And I'm not talking like when the universe was a thousand years old or a hundred years old or a second old. I'm talking about when it was a billionth of a billionth of a billionth and probably a few more billionths of a second old. Some tiny fraction. Life in that universe would be completely unrecognizable to us today. The forces of nature that we identify and we recognize and we enjoy, the structures, the chemistry, just just everything is different.

Life in the early universe was symmetric. Life in the early universe, especially when it comes to the forces of nature, had a certain symmetry to it that is completely and totally broken today. The symmetries, it it's it's a little bit hard to describe the symmetries, and one of these days, I'll do a whole episode just on symmetries and forces of nature. Feel free to ask. But the symmetries are symmetries in the mathematics.

You write down the equations that describe these forces, and then there are certain reflections. There are certain things that stay the same if you flip things around or move them to a different point in space or change the charge or something. Some things stay the same, and those are called symmetries. And each force of nature represents a certain symmetry in nature.

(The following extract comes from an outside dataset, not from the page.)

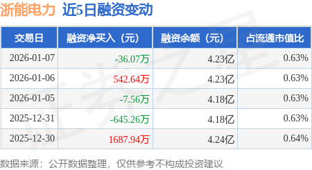 证券之星消息,1月7日,浙能电力(600023)融资买入3023.98万元,融资偿还3060.06万元,融资净卖出36.07万元,融资余额4.23亿元。

So there there's a symmetry in nature and in the mathematics, and then that symmetry is the electromagnetic force and weak nuclear, strong nuclear.

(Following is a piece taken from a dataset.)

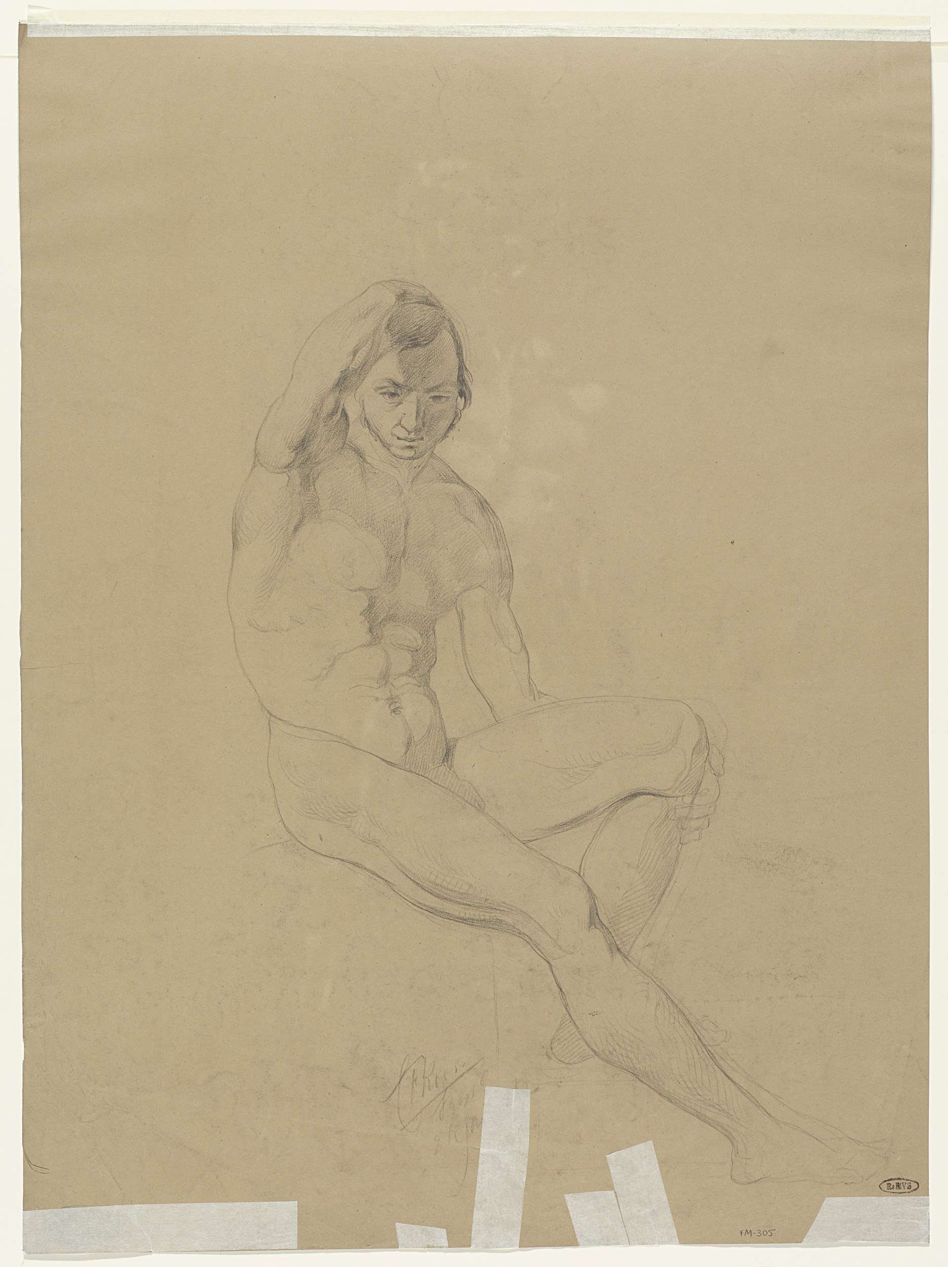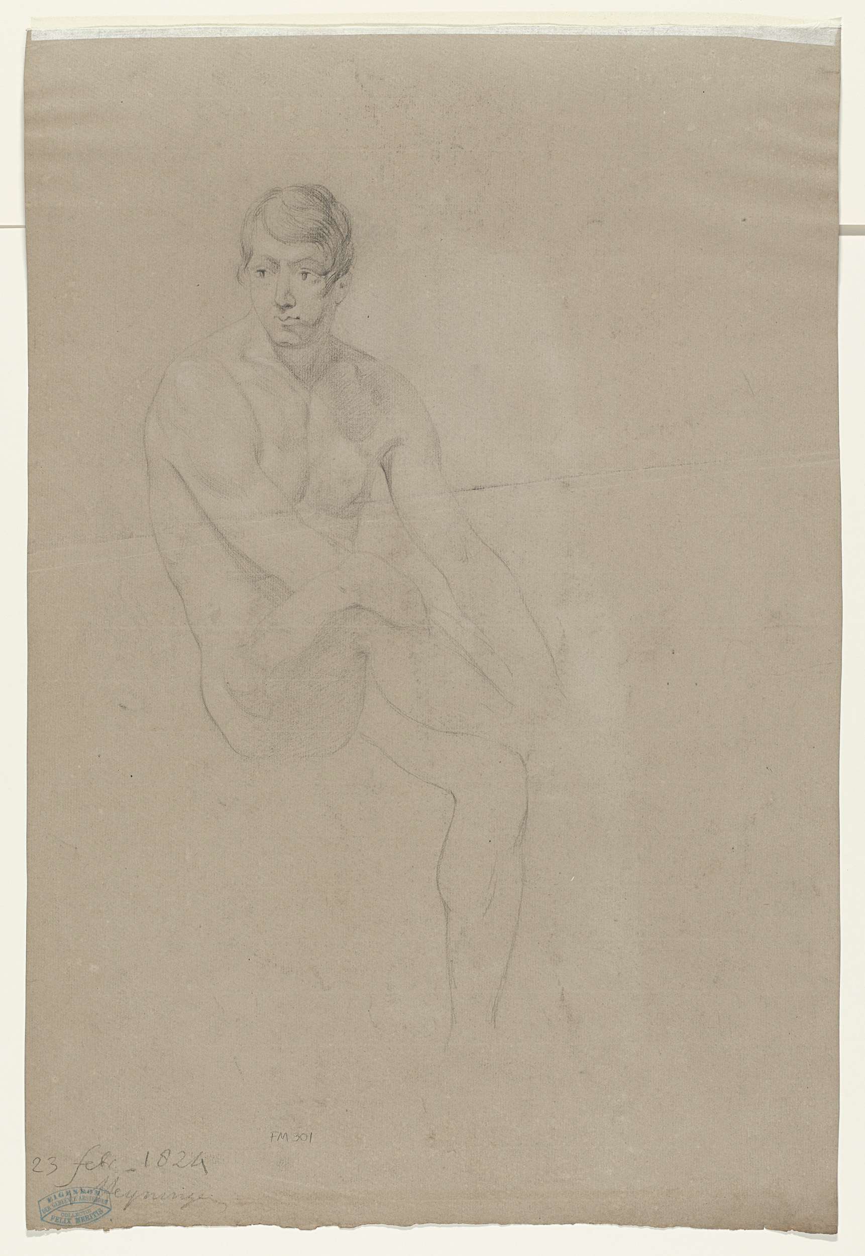 Zittend mannelijk naakt, op een blok, met gestrekt b...

And you can combine these symmetries into almost like an overarching symmetry, a group of symmetries, some some higher order mathematical structure. And I know I'm being very, very vague here, and that's on purpose. You'll see why. You can combine symmetries and make higher order symmetries, but these symmetries only appear at high energies. So if we run a particle collider experiment, we start slamming atoms together, in that moment, in the heat of that moment of the collision, certain symmetries can appear that don't appear in normal everyday universe.

And this means that the forces combine. The weak nuclear and the electromagnetic forces, each one representing a certain symmetry, At high energies, they combine, they unify into a single force. We call it the electroweak force. And the electroweak force has its own symmetry that must be broken apart at low temperatures to give us electromagnetism and weak nuclear. These are the unification theories.

The unification theories are physicists trying to find higher order symmetry in the universe. And that's basically what modern physics is. It's a search for for deep symmetries. So life in the early universe was ruled by these higher order symmetries. And by the way, we don't know all of the higher order symmetries.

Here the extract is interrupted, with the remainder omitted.